半空中突然出现一把跟之前姜文昌展示的杀生扇差不多的巨型折扇,李如风低头默念着什么,长发自起。另一边打斗正酣的姜文昌想躲避,却已经来不及,巨扇卷起一阵罡风,龙卷风一般席卷了整个大殿,不知掀翻多少修士。
许明月只感觉脑子里“嗡”的一声,整个人就悬空了起来,她被这道诡异的怪力一拉,瞬间退了老远,云海天在她眼前慢慢变成一个小点,直至消失不见。
她用尽了力气,想挣脱身上的绳子,那绳子仿佛有了神志一般,越挣扎束缚的越紧,听到师兄有气无力的声音在他耳边,“这是缚仙绳,没用的。”
许明月充耳不闻,直到再也撑不住,无力的瘫软成一团,我们还能回来吗?她有些茫然的想着。

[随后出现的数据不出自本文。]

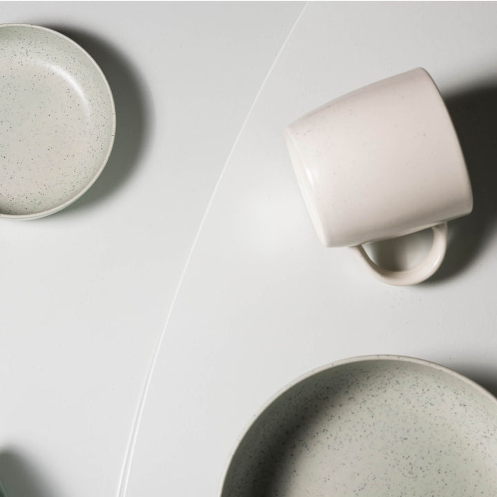 ist du bereit für einen stilvollen Schluck? Darf ich vorstellen: unser großer Becher (36 cl) in der Farbe Vanille aus der schönen Dot-Familie! Aus robustem Porzellan gefertigt, bringt dieser Becher einen Hauch von Spaß in Ihre tägliche Kaffee- oder Teeroutine. Jeden Morgen 12,5 cm pure Freude - und dazu noch mikrowellen- und spülmaschinengeeignet. Als Teil der lebendigen DOT-Kollektion lässt sich diese Tasse nahtlos mit Tellern und Schüsseln kombinieren und sorgt für ein schickes, minimalistisches Erscheinungsbild. Warum also warten? Genießen Sie die einfachen Freuden des Lebens mit dieser verspielten Tasse an Ihrer Seite!
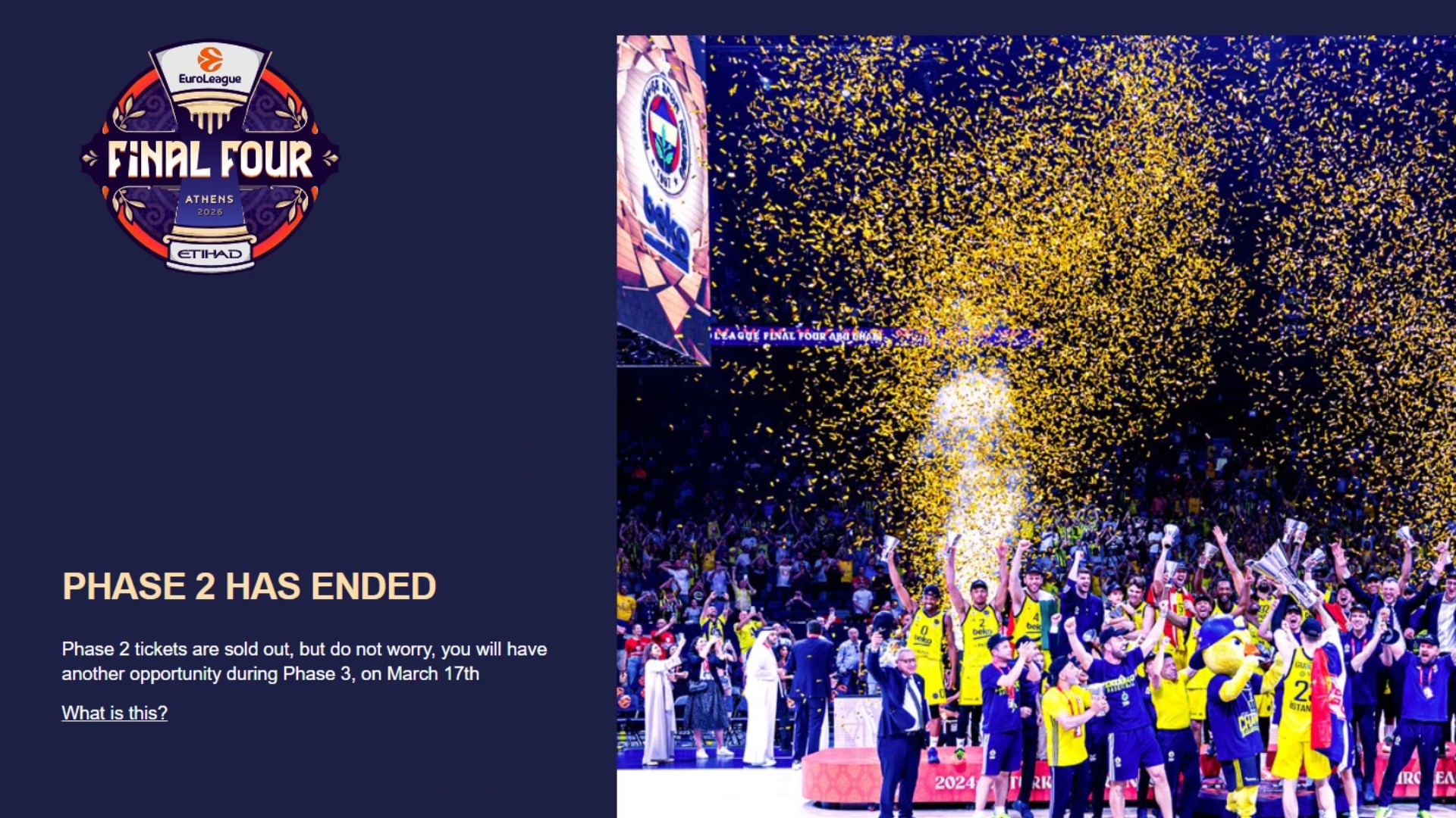 Το πρωί της Πέμπτης (26/2) ξεκίνησε η δεύτερη φάση πώλησης εισιτηρίων για το Final Four της Αθήνας, τα οποία εξαφανίστηκαν σε μόλις λίγα λεπτά!
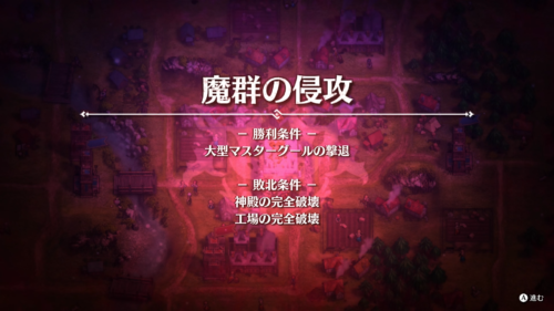 クリエイションパート中に発生する魔群の侵攻では迫りくる魔物から街を守るため、人々の力と神の力を総動員して戦います。街の周囲のあちこちに魔物の巣が現れ、さまざまなルートで魔物が迫ってくるのでリソースを適切に活用して防衛しなければなりません。
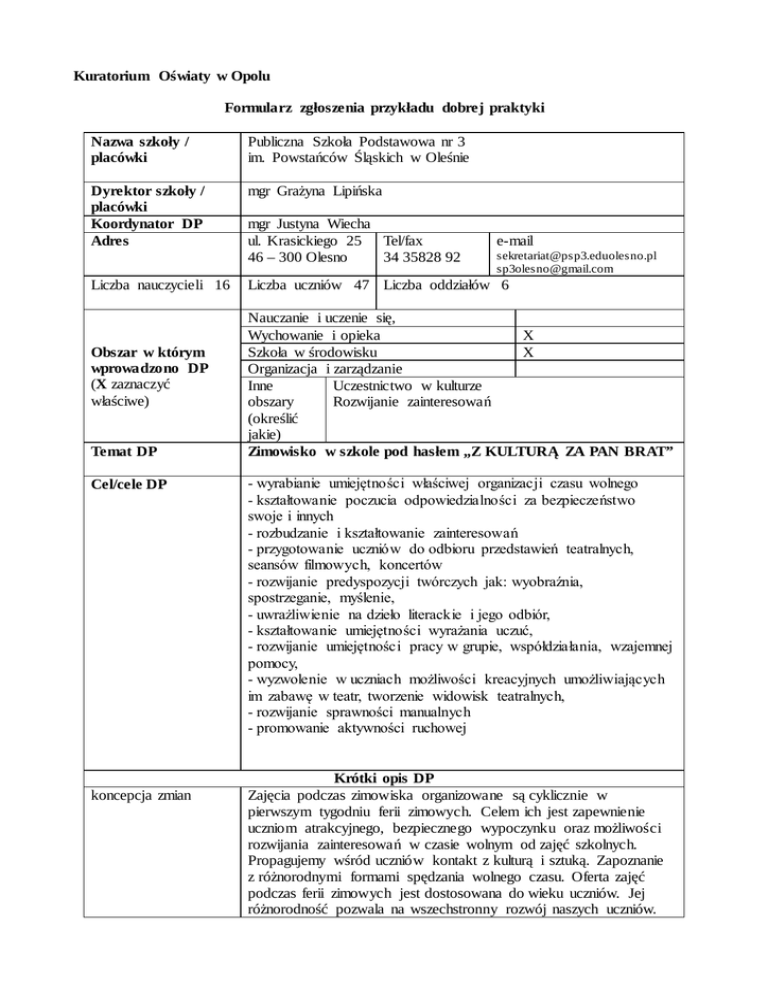 Kuratorium Oświaty w Opolu Formularz zgłoszenia przykładu dobrej praktyki Nazwa szkoły / placówki Publiczna Szkoła Podstawowa nr 3 im. Powstańców Śląskich w Oleśnie Dyrektor szkoły / placówki Koordynator DP Adres mgr Grażyna Lipińska Liczba nauczycieli 16 Obszar w którym wprowadzono DP (X zaznaczyć właściwe) Temat DP Cel/cele DP koncepcja zmian mgr Justyna Wiecha ul. Krasickiego 25 Tel/fax 46 – 300 Olesno 34 35828 92 e-mail [email protected] [email protected] Liczba uczniów 47 Liczba oddziałów 6 Nauczanie i uczenie się, Wychowanie i opieka X Szkoła w środowisku X Organizacja i zarządzanie Inne Uczestnictwo w kulturze obszary Rozwijanie zainteresowań (określić jakie) Zimowisko w szkole pod hasłem „Z KULTURĄ ZA PAN BRAT” - wyrabianie umiejętności właściwej organizacji czasu wolnego - kształtowanie poczucia odpowiedzialności za bezpieczeństwo swoje i innych - rozbudzanie i kształtowanie zainteresowań - przygotowanie uczniów do odbioru przedstawień teatralnych, seansów filmowych, koncertów - rozwijanie predyspozycji twórczych jak: wyobraźnia, spostrzeganie, myślenie, - uwrażliwienie na dzieło literackie i jego odbiór, - kształtowanie umiejętności wyrażania uczuć, - rozwijanie umiejętności pracy w grupie, współdziałania, wzajemnej pomocy, - wyzwolenie w uczniach możliwości kreacyjnych umożliwiających im zabawę w teatr, tworzenie widowisk teatralnych, - rozwijanie sprawności manualnych - promowanie aktywności ruchowej Krótki opis DP Zajęcia podczas zimowiska organizowane są cyklicznie w pierwszym tygodniu ferii zimowych. Celem ich jest zapewnienie uczniom atrakcyjnego, bezpiecznego wypoczynku oraz możliwości rozwijania zainteresowań w czasie wolnym od zajęć szkolnych. Propagujemy wśród uczniów kontakt z kulturą i sztuką. Zapoznanie z różnorodnymi formami spędzania wolnego czasu. Oferta zajęć podczas ferii zimowych jest dostosowana do wieku uczniów. Jej różnorodność pozwala na wszechstronny rozwój naszych uczniów. metody realizacji uczestnicy i ich rola w DP Zaangażowane środki a) osobowe b) materialne środki finansowe czas realizacji efekty W programie zimowiska są wyjazdy do teatru, kina, filharmonii. Jednocześnie dbamy o rozwój zdolności manualnych organizując warsztaty malowania na szkle oraz zajęcia na krytej pływalni. - metody eksponujące (teatr, film, koncert) - metody aktywizujące (zajęcia teatralne) - metody praktyczne - metody zabawowo – klasyczne - metody podające (wykład dotyczący techniki malowania na szkle) Uczestnicy zimowiska to uczniowie kl. I – III PSP Nr 3 a. Dyrektor szkoły mgr Grażyna Lipińska , koordynator zimowiska – mgr Justyna Wiecha, nauczyciele pełniący funkcję wychowawcy podczas wyjazdów b. gry planszowe, chusta animacyjna Gmina Olesno, sponsorzy Cyklicznie co roku w pierwszym tygodniu ferii zimowych – 109.01.23.01.2015 Korzyści zastosowania DP: Oczekiwane efekty: - Zdobycie podstawowej wiedzy o teatrze, muzyce - Poznanie podstawowych pojęć związanych z teatrem, filmem, muzyką - Uwrażliwienie na kulturę - Rozwijanie zainteresowań, uzdolnień - Poznanie nowych technik plastycznych - Pokonanie własnej nieśmiałości, słabości - Integracja ze społecznością szkolną - Odkrywanie talentów - Poznanie innych form spędzania wolnego czasu - Rozwijanie sprawności fizycznej wpływ na uczniów wpływ na pracę szkoły, wpływ na środowisko lokalne. DB mają pozytywny wpływ na rozwój funkcji poznawczych uczniów, przyczyniają się do odkrywania i kształtowania zainteresowań i pasji. Uczniowie zapoznają się z zasadami zachowania się w teatrze, filharmonii, kinie czy krytej pływalni. Mają możliwość aktywnie spędzić wolny czas. Uczą się współdziałania w grupie nie tylko klasowej ale też i szkolnej. W ten sposób nawiązują nowe znajomości, integrują się z innymi uczestnikami. Organizacja zajęć podczas ferii zimowych wzbogaca ofertę szkoły dla uczniów i rodziców. Uczniowie poprzez otwarcie się na kulturę, sztukę zdobywają wiedzę co w przyszłości będzie procentowało w wynikach. W zorganizowanie zimowiska zaangażowani są rodzice uczestników, sponsorzy oraz Urząd Gminy. Poprzez wspólne działania następuje zbliżenie tych środowisk, które mają wspólny cel. formy monitorowania, metoda pomiaru wyników DP działania które się sprawdziły wnioski, uwagi, trudności w realizacji DP: załączniki (np. prezentacja) Monitoring/ewaluacja Wymiernym wynikiem jest liczba uczestników, ogromne zainteresowanie rodziców i dzieci uczestnictwem w zimowisku. Istotnym elementem jest zadowolenie zarówno dzieci jak i rodziców z organizacji zajęć. Zimowisko w naszej szkole organizowane jest od 10 lat. Każdego roku mamy bardzo duże zainteresowanie wśród dzieci i rodziców. Program zimowiska jest za każdym razem różnorodny i atrakcyjny co sprzyja frekwencji. Uczniowie mają możliwość spędzenia wolnego czasu w towarzystwie rówieśników. Największą trudnością jest zdobycie środków finansowych. Informacja na stronie szkoły: http://psp3.mojeolesno.pl Wyrażam zgodę na opublikowanie na stronie internetowej PODN w Kluczborku przedstawionego przykładu dobrej praktyki. Olesno, 12.02.2015 Podpis dyrektora szkoły/placówki
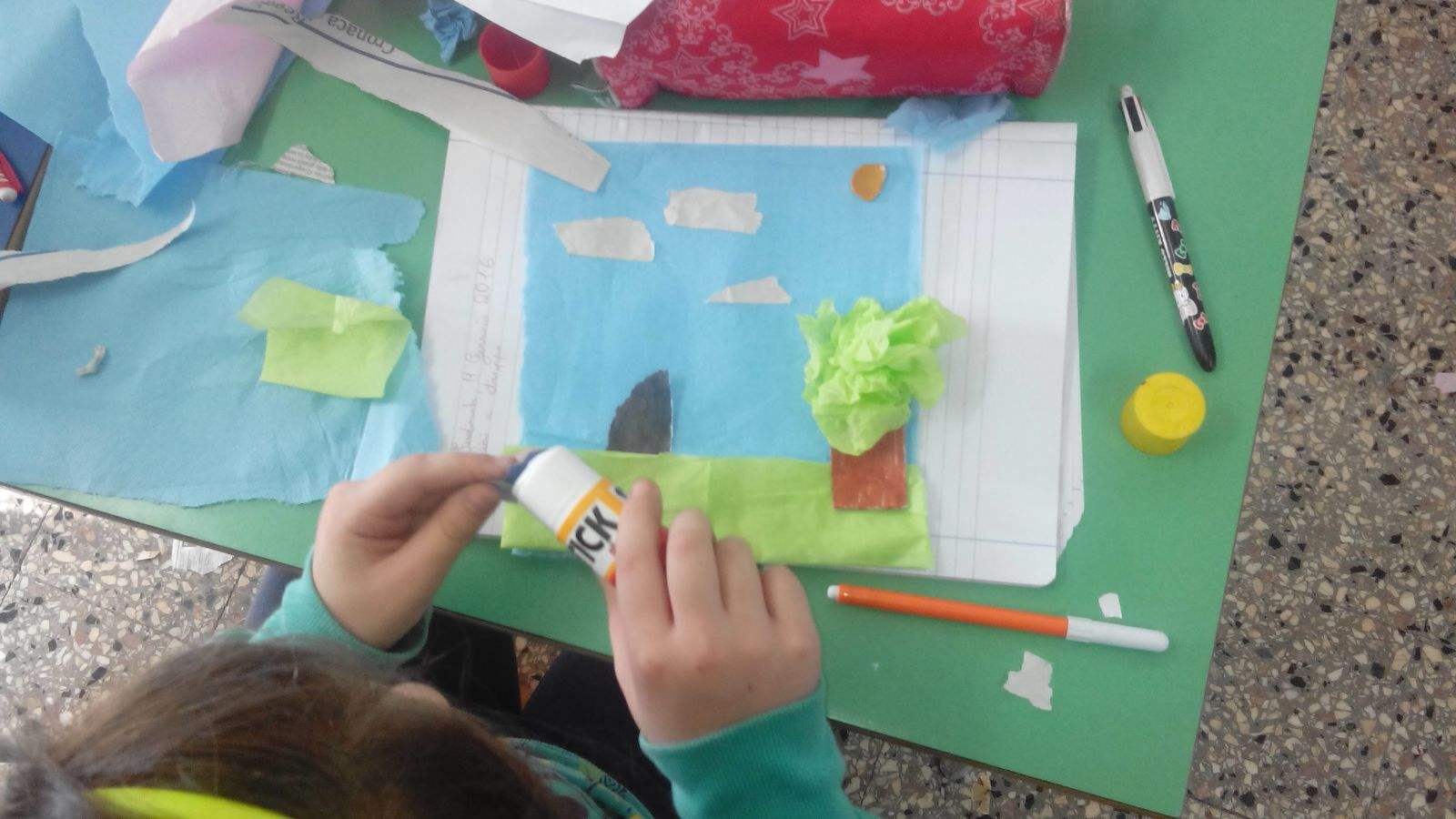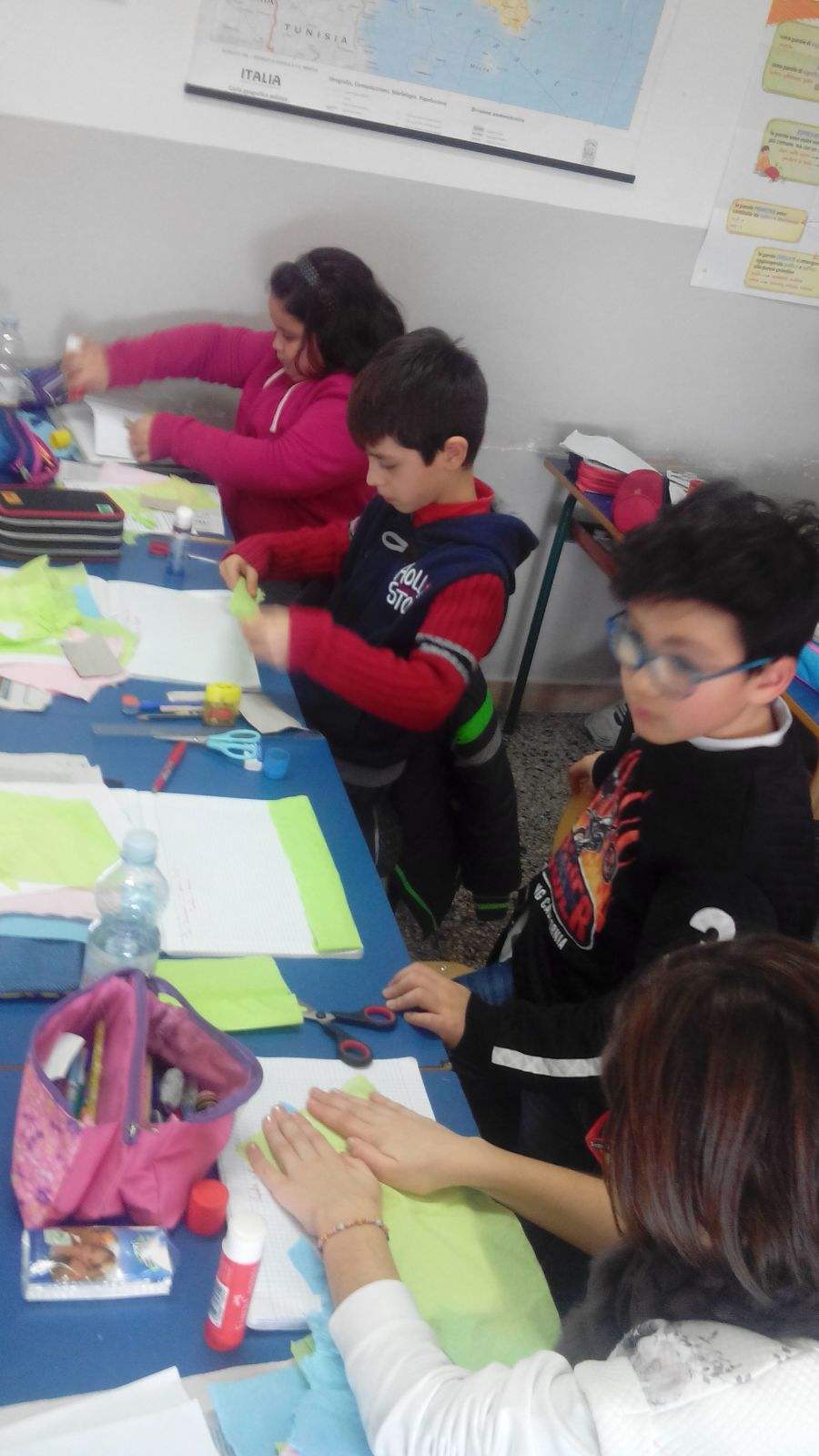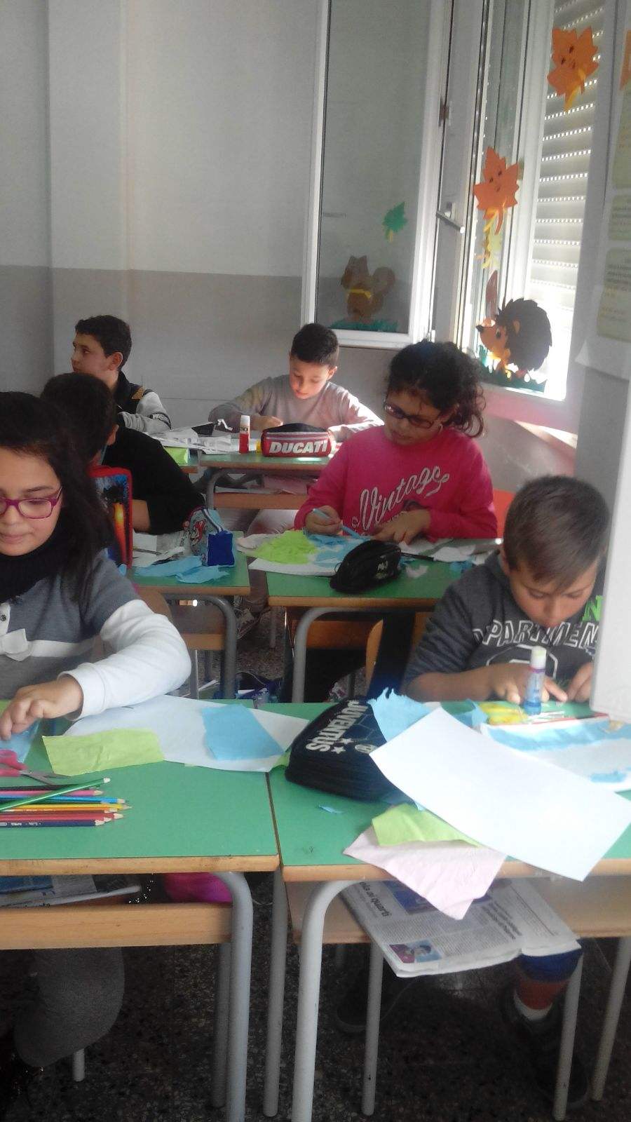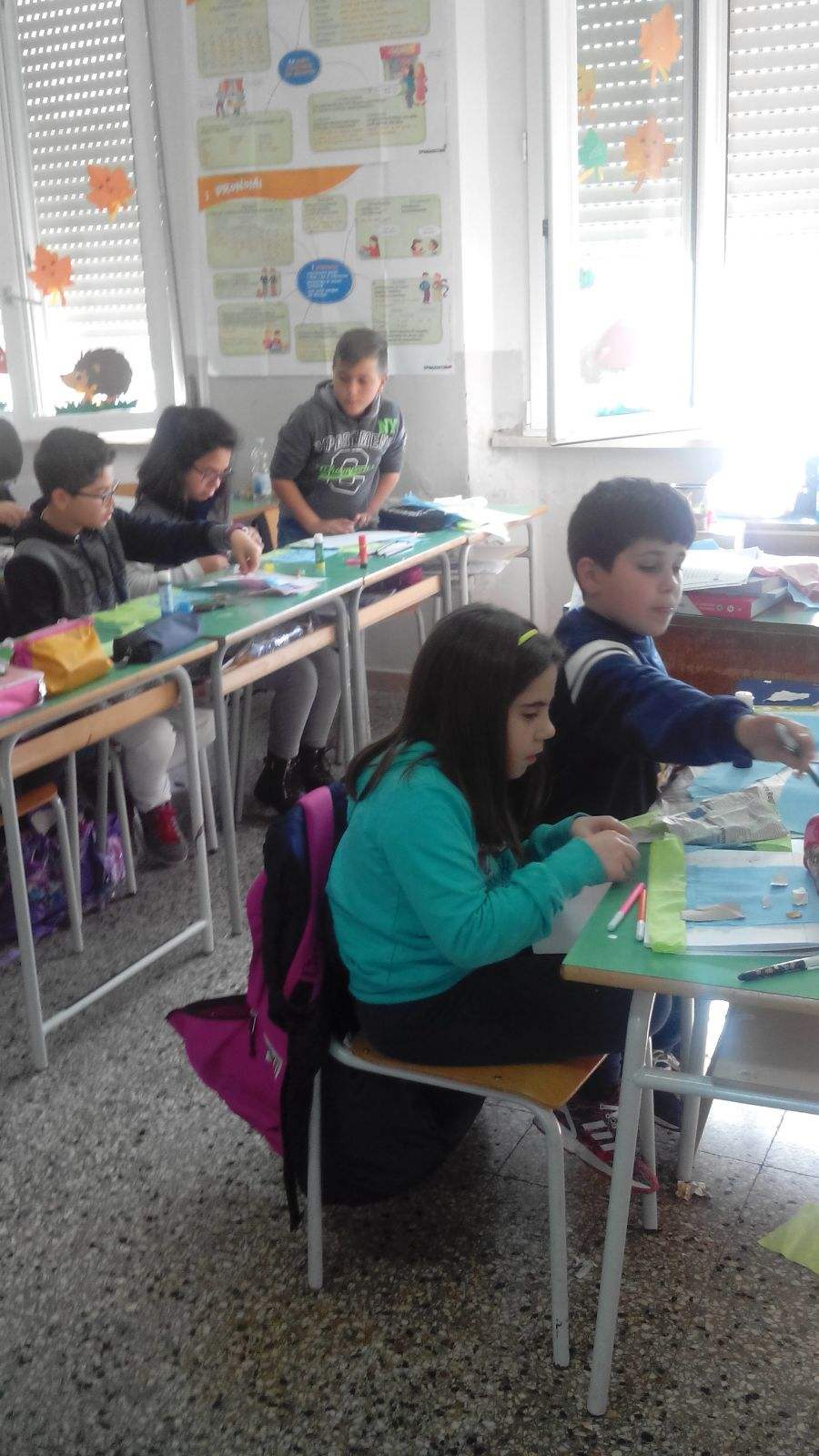 Gli alunni della 4^A, del Plesso "G.Carretta", nel laboratorio di arte e immagine, realizzano superfici a strappo per "movimentare" le linee precise del pittore Mondrian, utilizzando materiale di rIciclo: giornali, tovaglioli e cartoncini.
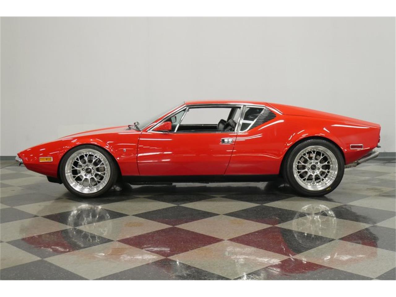 1972 De Tomaso Pantera powered by a Ford 351 cubic-inch Cleveland V8 - 030 bore over kit, Edelbrock aluminum heads, Edelbrock 600 CFM four-barrel carburetor w/electric choke, aluminum intake, and long tube headers. It delivers smooth power and torque with a wailing V8 exhaust note that will give you chills. The ZF five-speed manual means you are in full control over this power and soundtrack. A reinforced fully-independent suspension, four-wheel power disc brakes. Bucket seats with plenty of space, taut door cards, power windows, and even provisions for air conditioning, all make this one feel like comfortable cruiser. The dash has a terrific vintage look, right down to vertical AM/FM radio on display. But your real driving tunes come from a cleanly installed AM/FM/CD stereo w/CD changer. Your left hand goes on the upgraded sports steering wheel, which looks perfect with the DeTomaso logo in the middle.

山顶上风起云涌,师父却给她们铺了一条畅通无阻的路,许明月的心里泛起了难以言喻的悲哀与苦楚,胸膛里翻江倒海的疼。
走?
他们去哪呢?
天大地大,又有何处容身之处。
师父那样叱咤风云的人物尚且被逼到如此地步,他们又能怎么办。
长华在半山腰停了下来,缚仙绳的光芒缓缓消失,她背对着他们,低头道:“走了就再也不要回来。”
许明月哑着嗓子,“那您呢?那师父呢?那些师兄师姐呢?”
“这些就不用你们操心。”长华回过身子,她的神色在天光下竟多了分温柔的色彩,“掌门师兄这样做自然有他的道理,我们本就处在风口浪尖上,他,他的寿元将近,你们找个钟灵毓秀的地方修炼也好,去红尘里打滚也好,总之不要提师兄的名字就好。”
说完这辈子最温柔的一句话,她的神色又凌厉的起来,一提剑,头也不回的往山顶去了。
她还是穿着一身黑不溜秋的道袍,衬的脸色枯槁无色,浑身上下唯一称得上是亮色的就只有那把滋滋拉拉响着的长剑。头发也是随意拢作一把,连条像样的发带都没用,近乎是飞蛾扑火的返回了云海天。
仿佛一把巨锤敲在几个人的天灵盖上,直把人震的头晕眼花,遍体生凉。
“她,她说什么?”楚砚喃喃自语。
“师父寿元将尽?”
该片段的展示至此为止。